Despite ranking 30th in the National Hockey League in average attendance against capacity this season, the Winnipeg Jets don’t appear to be at any risk of relocating for a second time.

NHL commissioner Gary Bettman held a media availability on Tuesday afternoon ahead of the Jets’ game against the St. Louis Blues at Canada Life Centre in Winnipeg.

The 15,321-seat hockey arena has hosted the Jets since they initially relocated from Atlanta, GA in 2011. But through their first 29 home games of the 2023–24 regular season, the Jets have averaged just 13,140 tickets sold, with large swaths of empty seats in what is already one of the league’s smaller arenas.

Jets chairman and governor Mark Chipman recently made headlines with his comments about the team’s languishing attendance, but Bettman smoothed over some of those concerns in his press conference on Tuesday.

“Obviously, the attendance needs to improve, but it will. I have confidence in the organization and, as importantly, I have confidence in this community,” Bettman said. “This is a place, Winnipeg, where hockey matters. I believe this is a strong NHL market.

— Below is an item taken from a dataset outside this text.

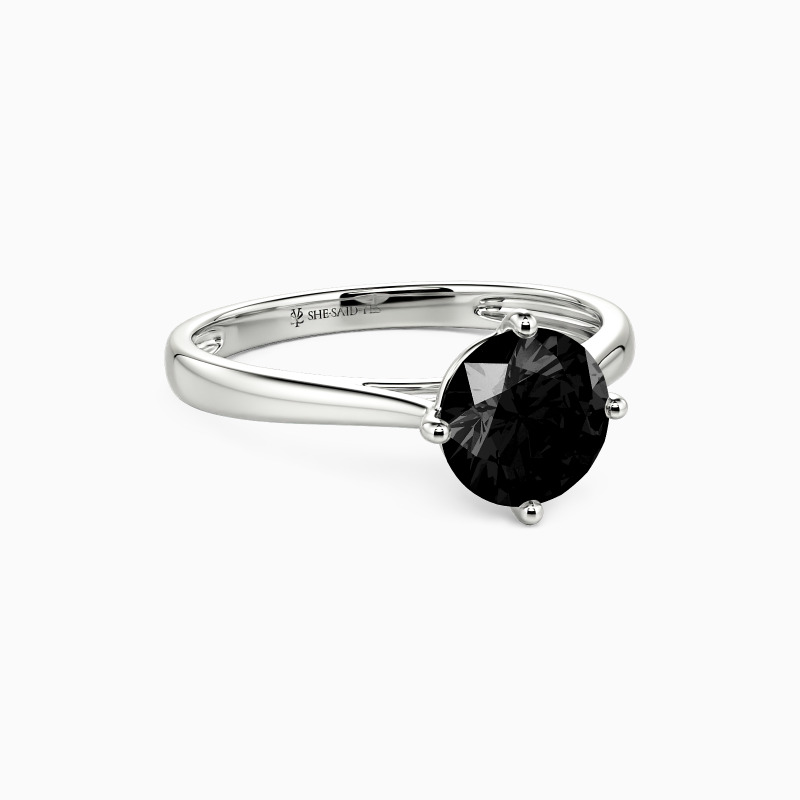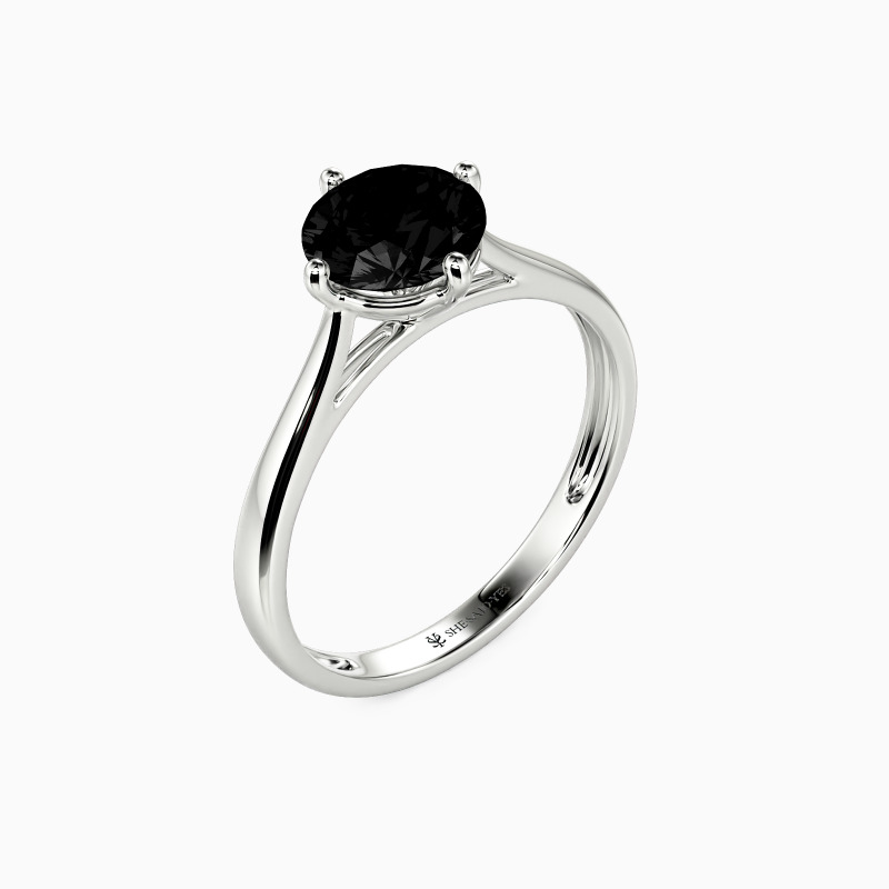 The four-prong setting gives a round-cut stone a classic look and allows more light to contact the stone, enhancing its brilliance. Give this ring to your beloved one to promise to be with her forever.

“I believe that ownership has made extraordinary commitments to the Jets, to this arena, to the downtown area,” Bettman added. “I’m not sure why people are now speculating that, somehow, they’re not going to be here.”

Bettman also noted that the Jets have been a consistent playoff team in recent years and routinely spend up to or near the league’s salary cap ceiling.

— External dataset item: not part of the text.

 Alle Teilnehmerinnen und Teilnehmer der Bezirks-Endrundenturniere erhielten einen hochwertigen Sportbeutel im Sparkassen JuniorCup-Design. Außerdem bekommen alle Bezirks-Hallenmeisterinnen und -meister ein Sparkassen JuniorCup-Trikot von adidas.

“At the end of the day, we could go through a litany of reasons that are either true or speculated to be true as to how the attendance situation got to where it is,” Bettman said. “It kind of doesn’t really matter because teams go through different ups and downs. I believe that the season ticket base and the attendance will evolve back to where it was.

“I was quoted in 2011 saying, ‘For this to work well, the building’s got to be full,’ and that’s true, and I know that Mark Chipman and [team owner] David Thomson aren’t interested in just surviving in the NHL. They want to thrive.”

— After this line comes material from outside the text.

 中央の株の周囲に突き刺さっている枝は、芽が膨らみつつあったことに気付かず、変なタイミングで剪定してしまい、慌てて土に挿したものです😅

The Jets currently lead the Blues by a 3-2 score in the second intermission of Tuesday’s game at Canada Life Centre. With a win, the Jets would move into a tie with the Dallas Stars for first place in the Central Division.

This is the second iteration of the Jets to play in the NHL. The first joined the league in 1979 from the rival World Hockey Association and existed until 1996, when they relocated to Phoenix, AZ to become what are now the Arizona Coyotes.

This article first appeared on Daily Faceoff and was syndicated with permission.